We carried out a literature review to identify previously published high-density gene-based linkage maps for members of the Pinaceae family, for which sequence information was publicly available. Only four studies satisfied these criteria. Eckert et al. (2010) provided a sex-averaged linkage map for a two-generation outbred pedigree based on SNPs for P. taeda (accession number: TG091, http://dendrome.ucdavis.edu/cmap/, last accessed May 21, 2015). The map provided by Pavy et al. (2012) is the densest genetic map published to date for Picea. This map was a consensus of the white spruce (Pic. glauca) and black spruce (Pic. mariana) linkage maps. The white spruce pedigree was an F1 full-sib family, whereas the black spruce pedigree was a backcross representing the hybridization species complex Pic. mariana × Pic. rubens. Pic. glauca and Pic. mariana linkage maps were constructed with the regression algorithm in JoinMap 3.0 software. Lind et al. (2014) provided the most saturated and gene-rich map to date for Pic. abies. This map was a sex-averaged map of the two parents of an F1 controlled cross and was also constructed with the regression algorithm of JoinMap 3.0. A detailed list of mapping features for each component map included in this study is available in table 1.

Cryptomeria japonica

A high-density linkage map for C. japonica was incorporated into this study, as a representative species from the Cupressaceae family (Moriguchi et al. 2012). This map was constructed from an F1 full-sib family (table 1), with the regression mapping algorithm implemented in JoinMap v 3.0.

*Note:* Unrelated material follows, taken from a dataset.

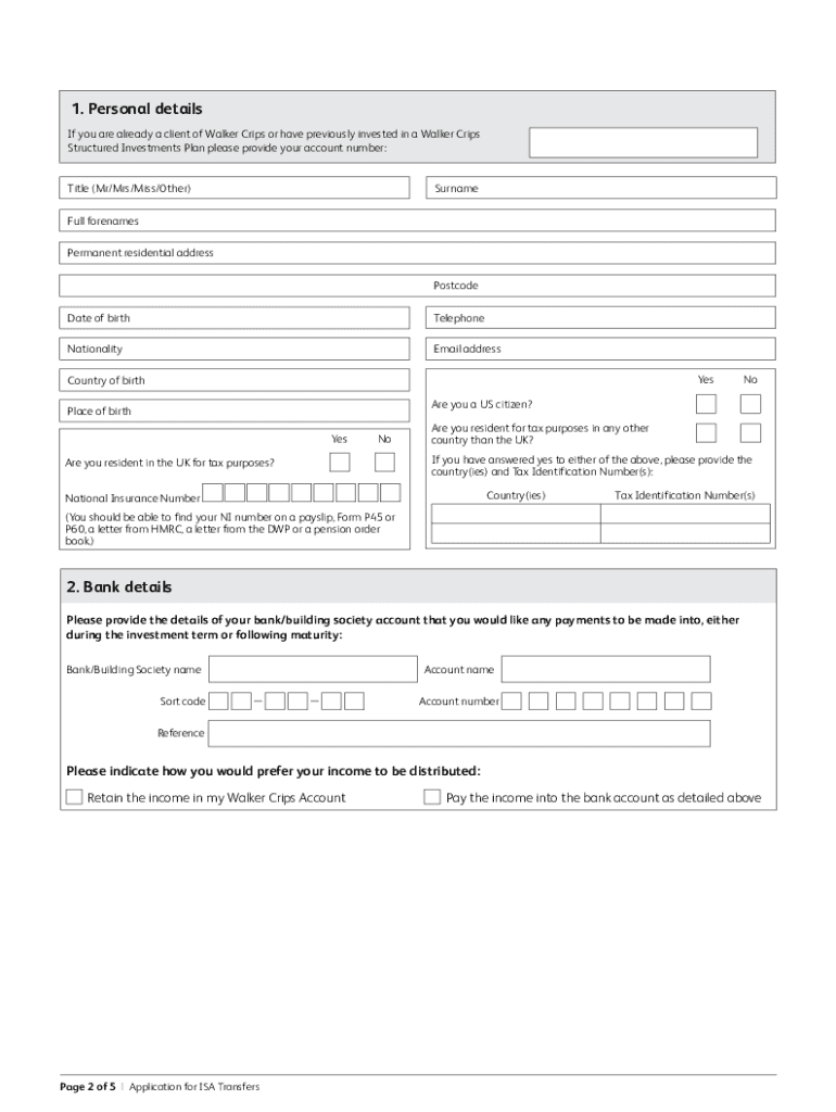 The application form for ISA typically requires personal details such as name, address, National Insurance number, and choice of ISA type.
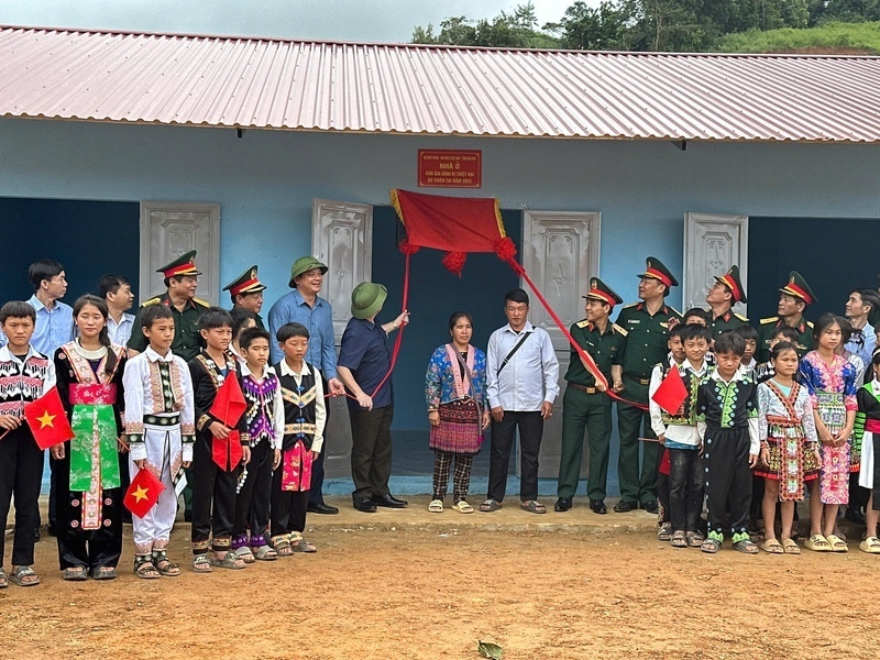 Bộ Chỉ huy Quân sự tỉnh Điện Biên tổ chức bàn giao nhà mới cho các hộ dân bị lũ quét, sạt lở đất. Ảnh: Thủy Lan

Identification of Homologous Genes within Pinaceae

The 17 maps described above were mostly constructed with SNP markers (100% of the markers for Picea sp., 98% for P. pinaster, and 90% for P. taeda). The flanking sequences of each SNP marker were compared with the most recent Unigene sets available for each species to obtain the sequence of unigenes containing the mapped SNPs: Canales et al. (2014) for P. pinaster, Rigault et al. (2011) for Pic. glauca, Pic. mariana and Pic. abies, and Lorenz et al. (2012) for P. taeda. This comparison was carried out with the BLASTn tool (the BLAST 1 step in fig. 1a). Unigenes with a percentage identity exceeding 95% with mapped SNP flanking sequences were retained for the next step. Pinus pinaster Unigene set from Canales et al. (2014), Pine V3, was then used as the reference for the identification of homologous unigenes within Pinaceae species. A second sequence comparison (R-BLAST 2 in fig. 1a) was performed, between the mapped unigenes of each species and the unigene sequences of Pine V3. For this interspecific comparison, a stringent reciprocal tBLASTx analysis was performed. Only sequences with a reciprocal best hit with a percentage identity exceeding 85%, an e value below e−65, and an alignment of more than 200 bp were retained as homologous unigenes. Homologous unigenes between different species were considered as orthologs if they were positioned in the same LG (i.e., syntenic unigenes). Identified orthologous unigenes were used as anchor markers to construct a composite linkage map for each genus (Pinus and Picea), as a preliminary step in the construction of a composite map for the Pinaceae family including both genera.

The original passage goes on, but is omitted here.